The development of the Swedish handbook on design of buried metal flexible culverts started in 1983 with the Swedish National Road Administration highlighting the need for a design method capable of handling larger spans and small heights of cover. A research project was started at the Royal Institute of Technology in Stockholm and a first full-scale test on a 6,1 m pipe arch culvert having a 1,0 m height of cover was performed. At the same time theoretical studies of different international design methods was started. A second full scale test was performed on a 6,0 m span pipearch culvert varying the height of cover. The design handbook was presented in 2000. Based on the Soil Culvert Interaction-method developed by Duncan the design method allow the designer to calculate both thrust and bending moments in a large variety of culvert profiles and taking different soil conditions into consideration. Both road and railroad live load can be used. Several full scale tests have been performed including the so-called BoxCulvert. A revised handbook has been presented in 2006 including the BoxCulvert extended method.
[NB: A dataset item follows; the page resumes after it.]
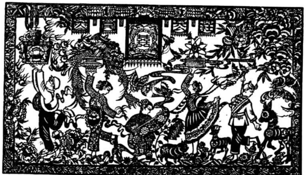
Celebrating the Harvest

Among the factors that will ensure the continued leap forward in 1960 are the promotion of a diversified economy with grain as the key link; the all-round development of animal husbandry with pig breeding as the central task; the energetic encouragement of technical innovations, capital construction on the farms and still more comprehensive implementation of the Eight-Point Charter for Agriculture; the further consolidation and development of the people's communes; continued all-out effort and a staunch fight against right deviation, firmly putting politics in command and the energetic launching of mass movements.
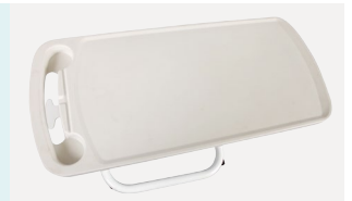
Table top is made of HDPE, easy clean, high quality environmental material, light weight, corrosion resistance, impact resistance, easy to clean and disinfect, durable for use. With groove to put cups and pen.

The Swedish bridge codes, both for road and railroad bridges, require the use of the handbook method in the design of buried metal flexible culverts.

PL

Stworzenie szwedzkiego podręcznika do projektowania konstrukcji podatnych z blach falistych zostata zapoczątkowane w 1983 przez Szwedzką Administrację Drogową , która zwróciła uwagę na konieczność stosowanie większych rozpiętości konstrukcji przykrytych niskim naziomem. Badania rozpoczął Królewski Instytut Technologii ze Sztokholmu. Pierwszym zbadanym obiektem była konstrukcja o kształcie kroplistym o rozpiętości 6,1 m przykryta naziomem o miąższości 1,0 m. W tym samym czasie rozpoczęto studia teoretyczne nad istniejącymi metodami z zagranicy. Drugie badania w skali naturalnej wykonano na obiekcie o kształcie kroplistym przykrytej naziomem o zmiennej miąższości. W 2000 roku zaprezentowano podręcznik do projektownia. Metoda projektowania bazuje nametodzie współpracy gruntu z przepustem opracowanej przez Duncana. Pozwala ona na uwzględnienie sił normalnych i momentów zginających w różnorodnych profilach konstrukcji z uwzględnieniem różnych gruntów. Obciążenia mogą pochodzić od ruchu kołowego i kolejowego. Na podstawie kolejnych pełnowymiarowych badań konstrukcji o kształcie skrzynkowym ( Box Culvert) w 2006 roku zaprezentowano udoskonalona wersję podręcznika uwzględniające wymiarowanie konstrukcji o kształcie skrzynkowym. Szwedzkie normy mostowe nakładają obowiązek stosowanie niniejszej metody przy wymiarowaniu konstrukcji z blach falistych.